How often we pass this scene at southeast corner of Trade and Church streets (on the south side of the creek on the Robert Lindsey Tower property) without a thought, except how beautiful it is. Few realize a double hanging took place here in 1856.
Daniel Delaney was murdered in January and his murderers, George Beale and George Baker, were convicted by Judge Reuben Boise. A witness to the murder was a young black boy, Jack, son of Rachel Belden Brooks. His testimony was at first refused on the grounds that negroes could not understand the law in a criminal trail of a white man, but was later allowed. The well-attended double public hanging took place in May at this location.
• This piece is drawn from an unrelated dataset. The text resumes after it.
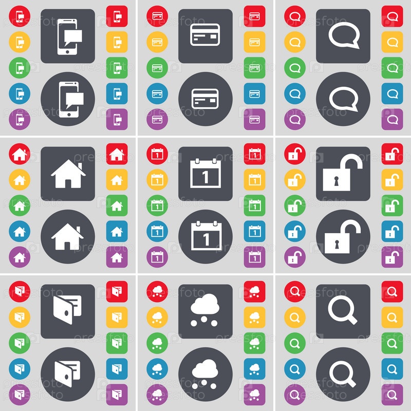 СМС, кредитная карта, чат-пузырь, дом, календарь, замок, кошелек, облако, увеличивающее стекло иконка символа. большой набор плоских цветных кнопок для вашего дизайна. вектор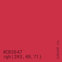 Цвет #CB3047 в цветовой модели RGB обозначается тремя октетами (203, 48, 71) в десятичном формате и #CB3047 в шестнадцатиричном (hex) формате, которые являются интенсивностью красного 203 (hex CB), интенсивность зелёного 48 (hex 30) и интенсивность синего 71 (hex 47).

It attracted families, bringing picnic baskets for lunch, from as far as 20 miles away. After this public execution, there were no murders in Marion County for twenty years. - The Watkins-Dearborn Building is erected at the northeast corner of State and Commercial Streets. Part of the original facade can be seen at 110 Commercial Street. R. H. Dearborn, a harness-maker, purchased this property on 1875 and occupied it until 1910. Afterward it housed the Holland Bakery. In 1931 it became the location of the Real Estate and General Insurance offices of Edward Rothstein and Samuel Adolph, prominent Salem businessmen. Mr. Rothstein was also chairman of the city’s first water commission. Mr. Adolph was son of one of Salem’s first brewers and is remembered today for the beautiful home he built in 1878 at 2493 State Street. This NEN neighborhood property was listed on the National Register in 1978.
- Lucyanna Grubbs, Jason Lee’s daughter and a graduate of Willamette University, follows Mrs. Chloe Willson as “Governess of the Ladies Department” of that institution.